Performance issues on reconstitution
As I have told you before, reconstituting an entity means applying all the domain events related to this entity in order.
What happens when you have a huge number of events related to the same entity? You have a problem with vertical scalability.
In order to fix that, we can use snapshots. A snapshot is a copy of the state of an entity in a moment. So, if you have one million events for the same entity, but you have a snapshot every ten or twenty events, to reconstitute the entity you will need only the last snapshot and the events with a date greater than the snapshot date, which can be nine in the worst case. Problem fixed.
But hey, what happens if you have billions of events, no matter the entity, and the indexes just start to fail? Then, you have a problem with horizontal scalability.
In this situation, you should break the event store table into a number of tables, having a heuristic for the id’s, so when you write or you read you know exactly from what table you need to read. Then, instead of having a huge table, you will have a number of little tables, and indexes will work as always. Fixed again.
Backups?
In every and each system, we need to do some backups. This is not the question. The question is what should be backed. And for event sourcing you have two options: back up everything, or back up only the event store. As the read model is a consequence of the write model, you could recover the latter by just reapplying all the events in order.

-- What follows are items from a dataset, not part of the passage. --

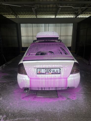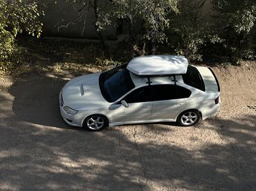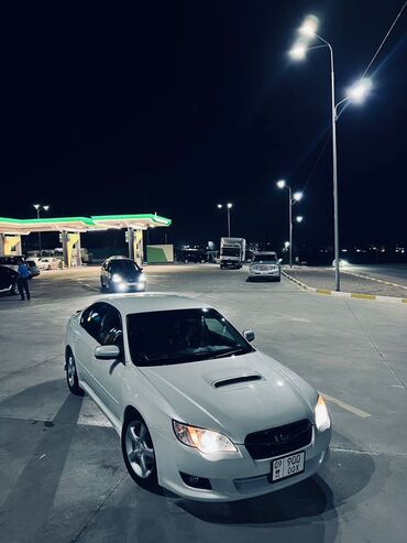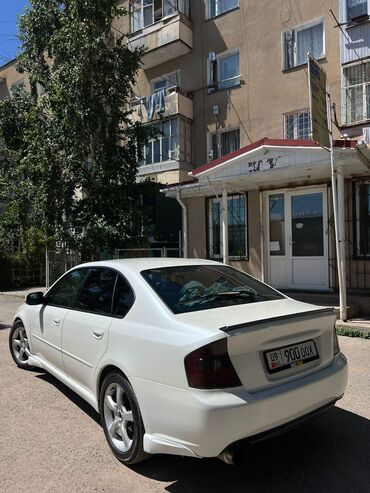 Subaru Legacy (седан), белый цвет, правый руль. Кузов BL с фирменным воздухозаборником на капоте и аэродинамическим обвесом. Светотехника: линзованные фары, противотуманные фары, тонированные задние фонари. Колеса: легкосплавные диски Subaru, низкопрофильные шины. Экстерьер: задний спойлер, массивный выхлоп, хромированная окантовка решетки радиатора, боковые пороги.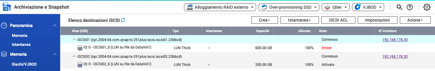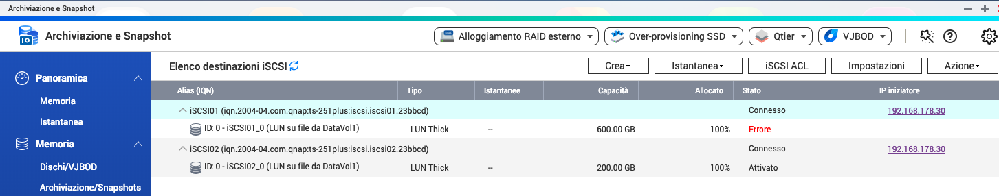 da circa una settimana mi si presenta un'errore su una LUN che esporto via iSCSI con la mia QNAP TS-251+ verso un host ESXi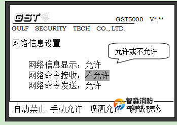 2 網(wǎng)絡信息顯示-不允許:控制器不接收不顯示網(wǎng)絡上傳來的火警、故障、恢復、延時、自檢等網(wǎng)絡信息

The problem with this approach is that this recovery could be slower than a regular backup.
Anyway, this quality of event sourcing could be also used to fix problems. If you made a mistake and now the read model has wrong information, you can just create fixing events, so the read model will be updated accordingly. This fixing strategy also has the advantage of being explicit, as you can see the fix in the event store.
Full traceability of everything
I imagine it is obvious by now that one of the advantages of using event sourcing is that you have the traceability of everything happening in the system. You have the full history.
This is especially valuable in a world where data is so important. Understanding how we got to a point is easy when you have the whole event stream of an aggregate -of every aggregate.
Conclusion
Event sourcing may be hard to understand when you start. But I really think it’s a very natural way to think when you are used to it.
It has also challenges, especially when managing the read model -there are situations where you need very consuming tasks- or managing a huge event store -in this situation you’ll probably enjoy a solution like EventStore.
But it also has very important advantages, like having the full history of the system, being able to update the read model from the event store at any time, the performance won by having dedicated models for reading and writing, and the natural way it integrates with microservices communications usual ways.
The key here, as always, is to know which kind of project's advantages make disadvantages worthwhile!